In California, an adopted child obtains all the same rights of inheritance as a biological child born to the adoptive parent. He or she can inherit either from or through a deceased adoptive parent. Generally speaking an adopted child at the same time loses such inheritance rights from or through his or her biological parents. Accordingly, the descendants of a deceased adopted person are heirs of the decedent’s adoptive parents but are not heirs of the decedent’s biological parents. (Note: Limited exceptions exist, including an exception for adoptions by a step parent who married a biological parent of an adopted child.)

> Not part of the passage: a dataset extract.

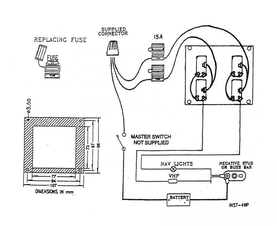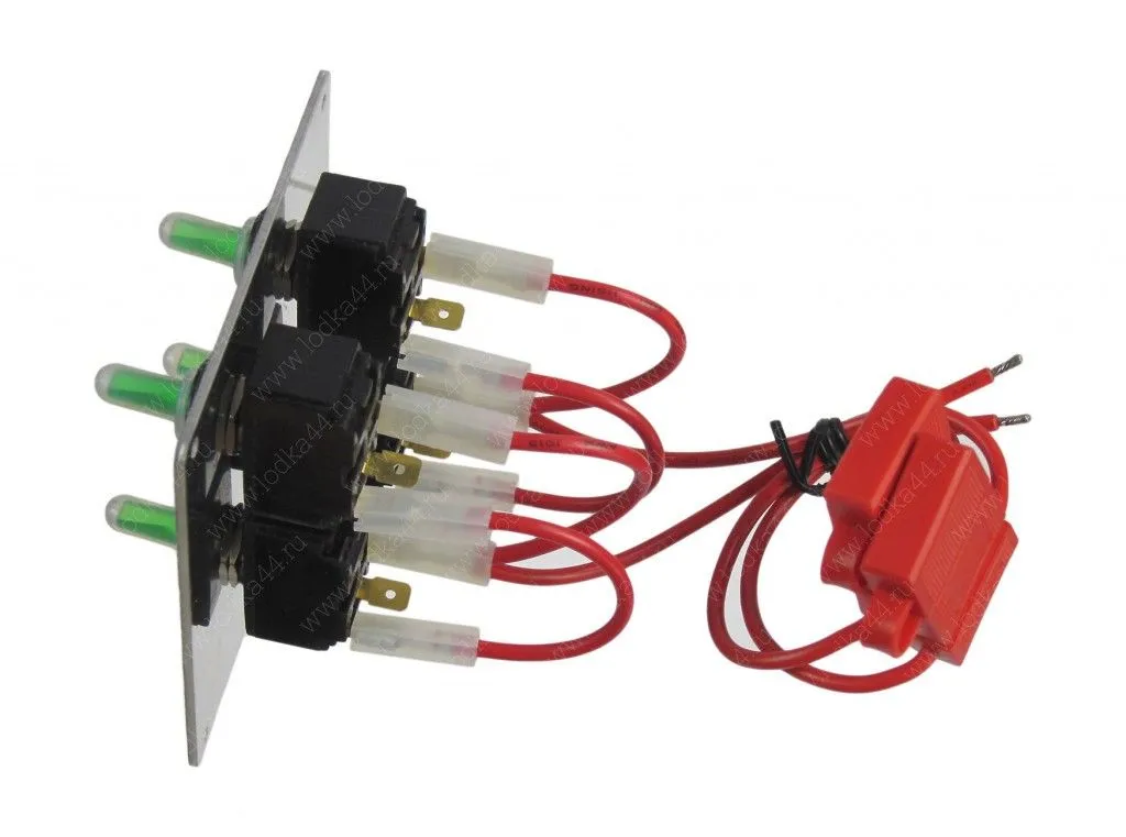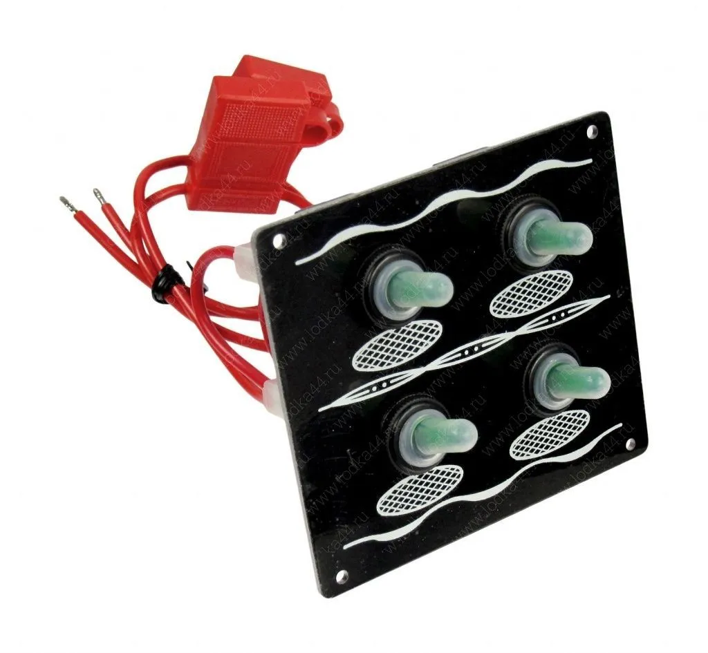 Панель водонепроницаемая оснащена переключателями в резиновых колпачках с двумя предохранителями 15 А.

In September, 2018, in Estate of Fusae Obata, the California Court of Appeal (1st Appellate District) decided whether California law recognizes a Japanese adult adoption practice called Yoshi-engumi when applying California inheritance law. Yoshi-engumi adult adoptions in Japan have very different motivations and purposes than adoptions in Western countries.

Unlike adoptions in Western countries – which usually involve minor children — Japanese adult adoptions are driven by Japanese concepts of extended family (or house), ancestor worship, and supporting one’s elderly parents. When there are no biological sons, adult adoptions in Japan are often motivated by the desire to continue a house that would otherwise die.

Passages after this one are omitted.